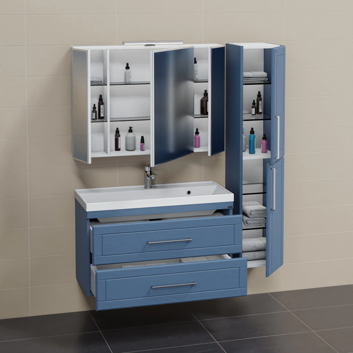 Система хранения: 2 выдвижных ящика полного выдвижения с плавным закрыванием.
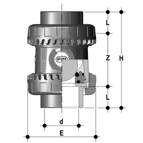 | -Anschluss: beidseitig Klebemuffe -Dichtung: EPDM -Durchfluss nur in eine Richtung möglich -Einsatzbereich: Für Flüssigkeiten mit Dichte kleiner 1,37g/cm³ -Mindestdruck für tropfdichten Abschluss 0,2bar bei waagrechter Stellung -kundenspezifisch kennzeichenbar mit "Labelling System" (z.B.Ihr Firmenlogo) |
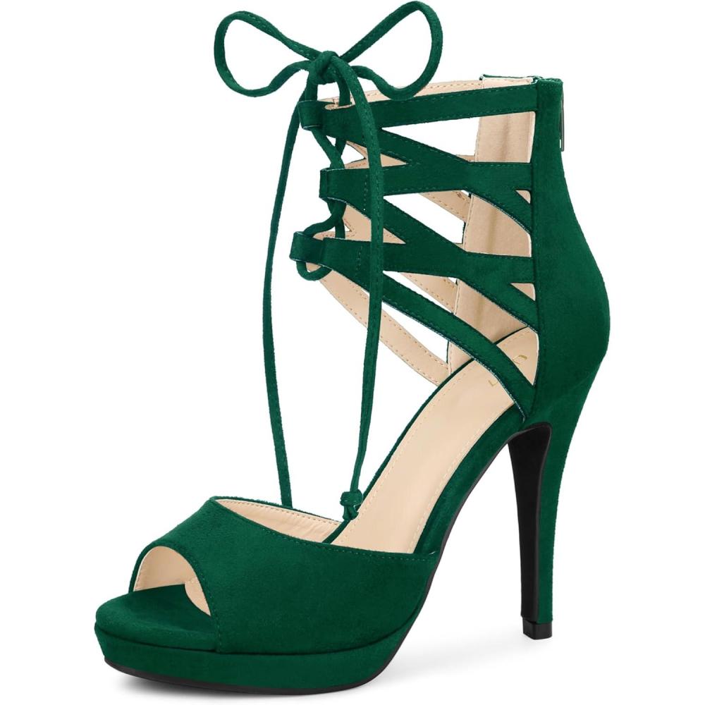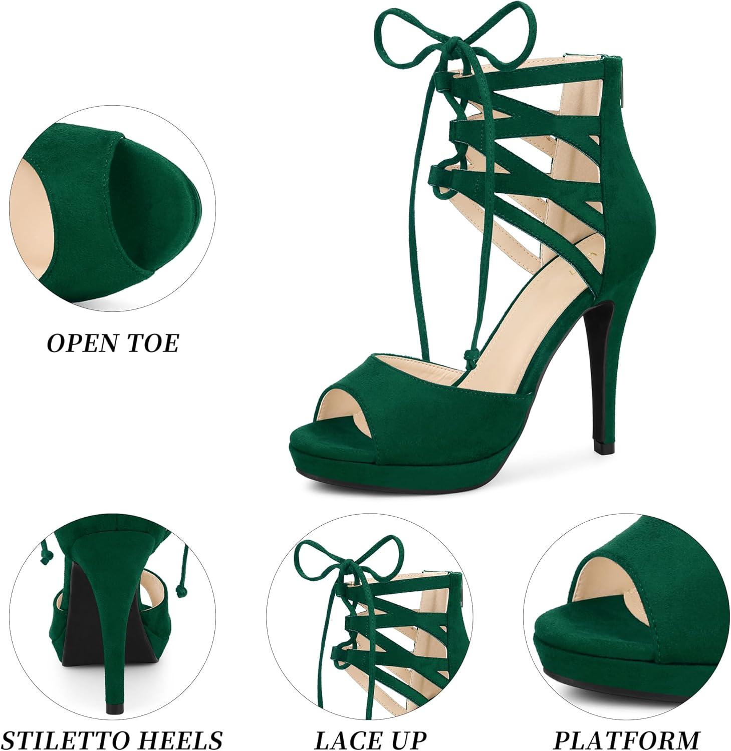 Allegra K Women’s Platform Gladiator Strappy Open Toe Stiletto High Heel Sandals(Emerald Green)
==
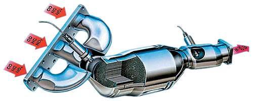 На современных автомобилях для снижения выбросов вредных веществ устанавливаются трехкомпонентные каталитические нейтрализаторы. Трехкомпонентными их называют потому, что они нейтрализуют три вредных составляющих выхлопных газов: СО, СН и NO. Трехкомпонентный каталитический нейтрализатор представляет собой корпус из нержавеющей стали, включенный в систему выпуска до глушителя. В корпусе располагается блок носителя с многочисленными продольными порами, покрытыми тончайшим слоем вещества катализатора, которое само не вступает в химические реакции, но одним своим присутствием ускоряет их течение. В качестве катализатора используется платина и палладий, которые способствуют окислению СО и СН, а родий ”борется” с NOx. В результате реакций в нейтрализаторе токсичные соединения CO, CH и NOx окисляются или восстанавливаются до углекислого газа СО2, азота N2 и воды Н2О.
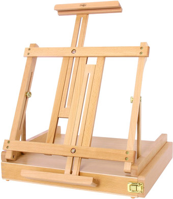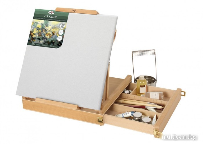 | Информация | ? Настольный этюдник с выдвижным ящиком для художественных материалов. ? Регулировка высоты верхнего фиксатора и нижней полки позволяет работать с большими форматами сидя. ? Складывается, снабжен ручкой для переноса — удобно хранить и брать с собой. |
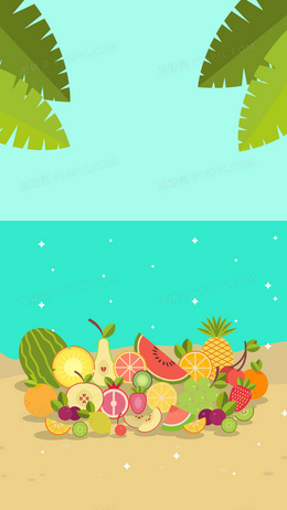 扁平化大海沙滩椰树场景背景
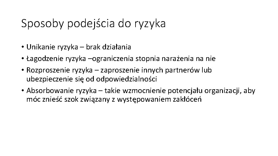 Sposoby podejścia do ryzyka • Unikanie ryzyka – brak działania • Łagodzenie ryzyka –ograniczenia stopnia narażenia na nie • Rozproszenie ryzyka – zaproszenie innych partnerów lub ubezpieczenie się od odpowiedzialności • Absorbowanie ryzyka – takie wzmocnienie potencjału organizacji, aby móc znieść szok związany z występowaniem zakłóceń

■ **Problem description**
What is needed is an exact copy of the lines above, from the one holding "брать с собой. |" down to the one holding "Sposoby podejścia do", with those two included and the pictures left out.

■ **Answer to the exercise**
 | Информация | ? Настольный этюдник с выдвижным ящиком для художественных материалов. ? Регулировка высоты верхнего фиксатора и нижней полки позволяет работать с большими форматами сидя. ? Складывается, снабжен ручкой для переноса — удобно хранить и брать с собой. |
 扁平化大海沙滩椰树场景背景
 Sposoby podejścia do ryzyka • Unikanie ryzyka – brak działania • Łagodzenie ryzyka –ograniczenia stopnia narażenia na nie • Rozproszenie ryzyka – zaproszenie innych partnerów lub ubezpieczenie się od odpowiedzialności • Absorbowanie ryzyka – takie wzmocnienie potencjału organizacji, aby móc znieść szok związany z występowaniem zakłóceń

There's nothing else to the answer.